« Le Prussien inconnu »

Dès l’ouverture de la Maison des Matrimoines et des Patrimoines au printemps dernier, À Mots croisés y a planifié plusieurs ateliers d’écriture.  

C’est ainsi que jeudi 16 juillet 2026, Annie Lamiral, intervenante À Mots croisés y a proposé une animation grand public et gratuite : « La maison aux mille secrets » dans ce petit musée axé sur l’histoire locale de Bagneux, mais aussi sur les femmes et les hommes qui ont façonné la ville, révélé l’identité balnéolaise, dans sa diversité et sa pluralité.https://closdessources.com/

Après la visite guidée et contée par le médiateur des lieux, Loïc Canitrot. Annie a invité le petit groupe de participantes à choisir un ou plusieurs objets du musée, à les placer au centre de leur récit qui devait être impérativement situé dans un contexte balnéolais, et si possible à lui/leur attribuer un secret ou révéler un mystère, son histoire, sa vérité cachée.

À suivre le récit de Francine.
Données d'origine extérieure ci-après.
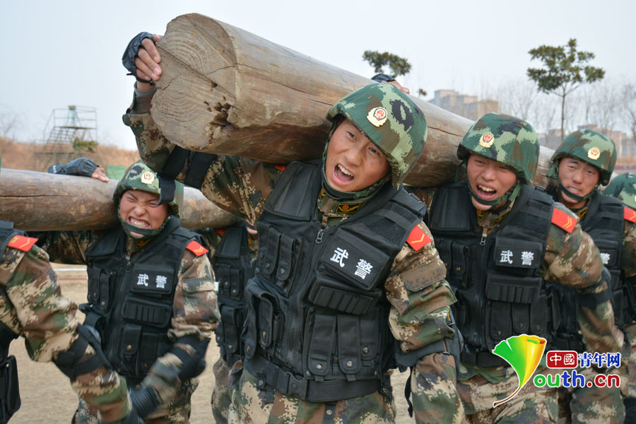 武警战士们正在参加扛圆木训练。中国青年网通讯员刘仕琪 摄

Bonne lecture ! 

Le Prussien inconnu

Mais, que font mon casque et ma dague dans cette vitrine au Clos des Sources ? Pourquoi tous ces visiteurs les regardent, les détaillent et font des commentaires pas toujours très agréables sur son propriétaire ? Ils ne me connaissent même pas ! Comment mes affaires personnelles ont pu devenir une attraction, comme tous ces objets de tous les âges ? Ici, sont exposés des huîtres millénaires du temps où les eaux recouvraient la ville, des outils du Moyen Âge avec la culture de la vigne et l’exploitation de la pierre qui construisit des monuments de Paris et l’église Saint-Hermeland, toute la collection de Maugarny dont des reliques de la Préhistoire, et bien d’autres objets racontant la vie de ce village devenu ville. Et mon casque et ma dague !

Que je me souvienne. Parti, en pleine jeunesse, de Dantzig, ville de ma chère Prusse natale, et ayant quitté toute ma famille, je me suis enrôlé dans l’armée pour une guerre qu’on m’avait dite inévitable et pour vaincre ces belliqueux Français. J’ai échappé bien souvent de justesse à des assauts sanguinaires pour enfin arriver aux portes de Paris.
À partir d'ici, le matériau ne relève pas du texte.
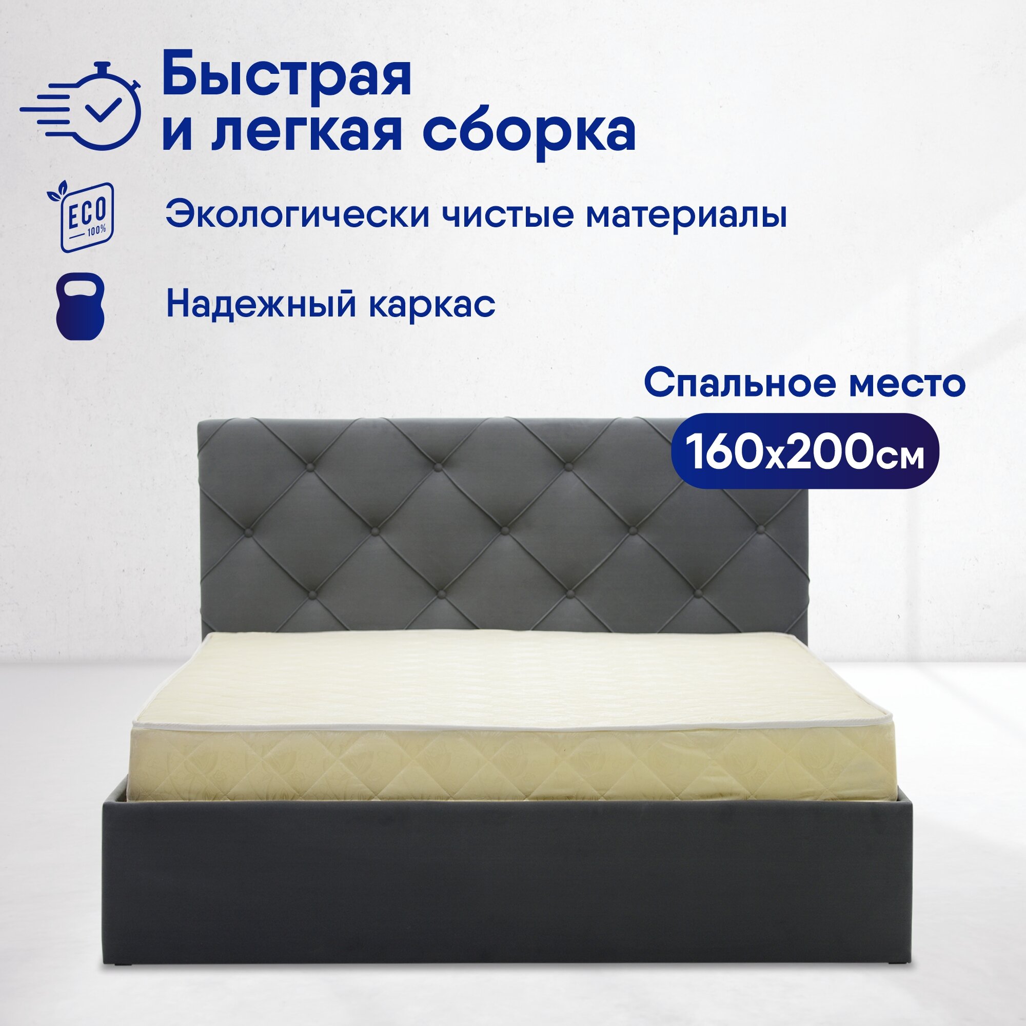 Кровать с матрасом Роза Серая Велюр 160х200

Mais, ici, dans le village de Bagneux, les combats ont duré plusieurs jours. Entre escarmouches, barricades, feu de l’artillerie et combats au corps à corps, les champs de bataille sont jonchés de morts, d’agonisants et de corps couverts de sang.
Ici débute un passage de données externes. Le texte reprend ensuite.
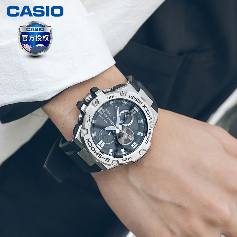 casio卡西欧手表男gshock钢铁之心蓝牙太阳能运动电子表GST B100
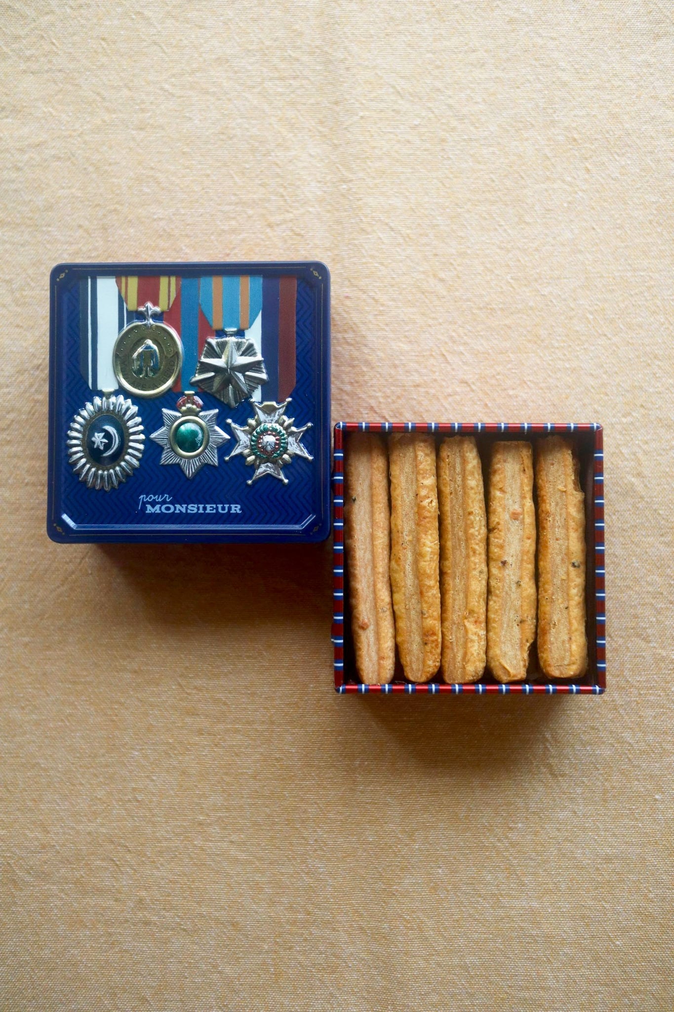 *なつかしく、親しみある味わいのチーズクッキー。コンパクトな手のひらサイズのカッコイイ勲章デザイン缶にお詰めしています

Ah, je me rappelle. J’ai reçu une balle dans l’épaule. Mon Dieu, quelle douleur. J’ai chuté au sol, la face contre terre. C’est là que mon casque a quitté ma tête et que ma main a lâché ma dague. C’est là que le trou noir est arrivé et la perte du temps. Quand j’ai rouvert les yeux, c’était la nuit, il faisait noir et froid. Et ce silence après le fracas des combats. Un silence perçé par les râles des agonisants. Mon épaule me remit en mémoire la balle qui l’avait traversée. Le sang que j’avais perdu m’avait rendu trop faible pour me mettre debout. Je rampais jusqu’à un trou fait par un obus et m’y glissais pour me cacher le temps de reprendre des forces. Mais, il m’engouffra et je ne pus me retenir. Je ne pus que me laisser absorber par cette gueule de terre. Le choc de l’arrivée sur le sol d’une grande salle de pierre blanche éclairée par les rayons de la pleine lune, sûrement une ancienne carrière, fut rude. Encore le trou noir, mais celui-là définitif.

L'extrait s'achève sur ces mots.